How much money is in the federal bank account? These two graphs, updated daily, tell the story.

Maps, charts, graphs, and interesting numbers.
Aug. 8 2011 12:03 PM

We're Not Broke! (Yet)

Two simple graphs that show how borrowing is keeping the treasury afloat.

Here's one way to express how catastrophically screwed the U.S. government's finances are: If the entire U.S budget were cut to zero, effective immediately—the military, all entitlements, the electricity bill for the Capitol—there still wouldn't be enough money to cover the payments on old debt that come due every day. In fact, by Slate's calculations, the payments would have dried us up in under a month. So for decades the strategy has been to borrow new money to pay down old debt—plus a little extra to kick to the Treasury's coffers, since we habitually spend more than we take in. That continued to work this year until May 16, when we maxed out our congressional credit card. Since then, the Treasury has been living on savings and whatever revenue comes in. The first graph here very simply shows the balance in the Treasury's bank account, which is published every weekday. The light-colored bars at the end represent the Bipartisan Policy Center's projections for how long we can make it before the money all dries up. That date is Aug. 3.
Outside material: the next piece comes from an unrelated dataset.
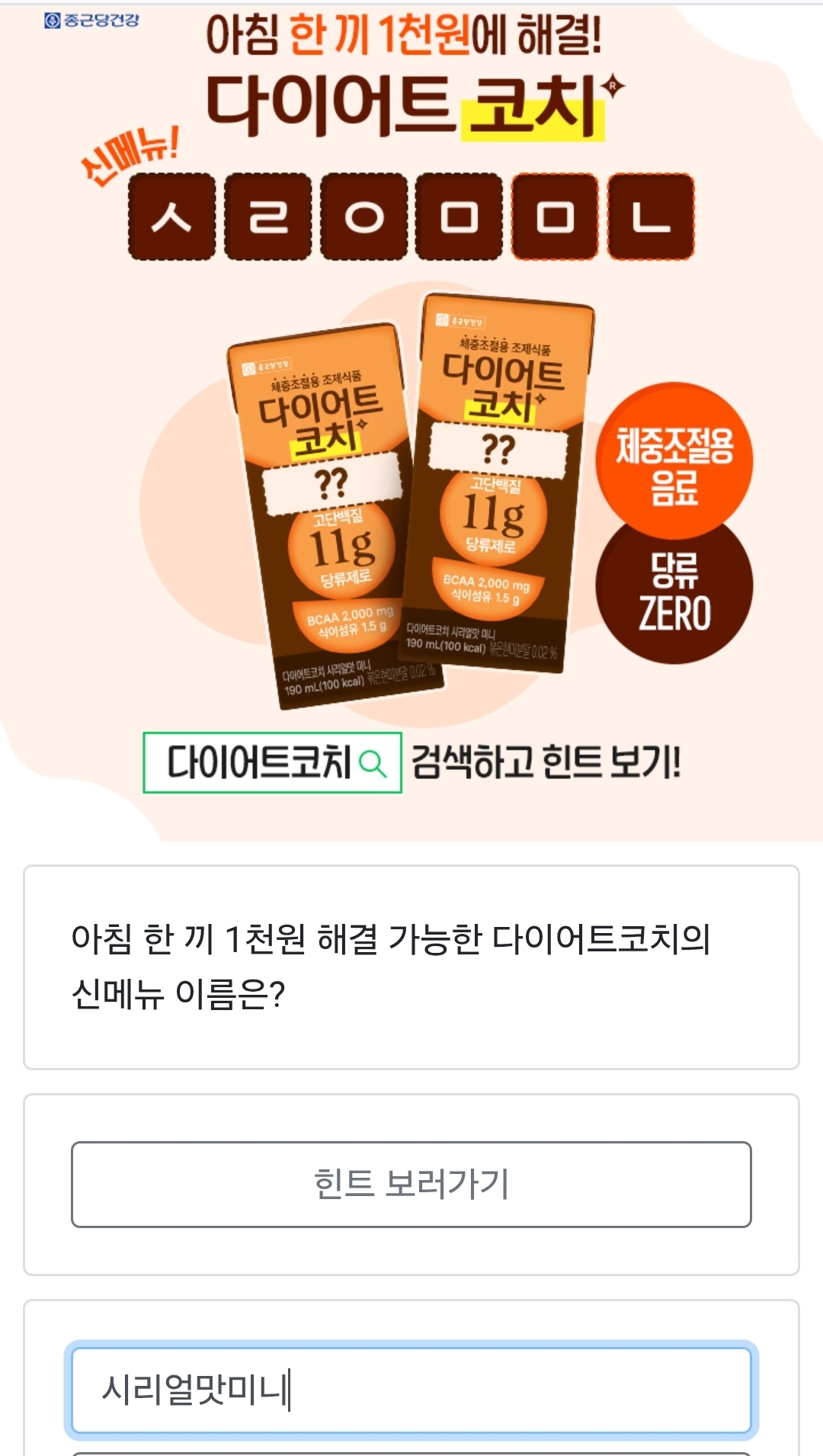 아래에서 종근당건강 다이어트코치 'ㅅㄹㅇㅁㅁㄴ' 문제의 최신 정답을 확인해 보시고, 리워드 포인트 놓치지 마세요!

Update, Aug. 8, 2011: The treasury has updated its statements to reflect the new borrowing limit. The national debt is currently at $14.5 trillion. This graph will continue to update, but a default is no longer imminent.

Below it is a graph of the total national debt. Note that the scale begins at $13.5 trillion, not zero.


As you can see, as the debt approaches the point of no return, the U.S. coffers take a major hit. But you will also see some spikes in revenue after borrowing is maxed out. This can be attributed to many things—an influx of tax revenue, profits from the Federal Reserve's holdings, and the general movement of funds and debt between accounts. We are continuing to borrow money as well, but only in equal amounts to the debt we pay off, so as to remain under the debt ceiling.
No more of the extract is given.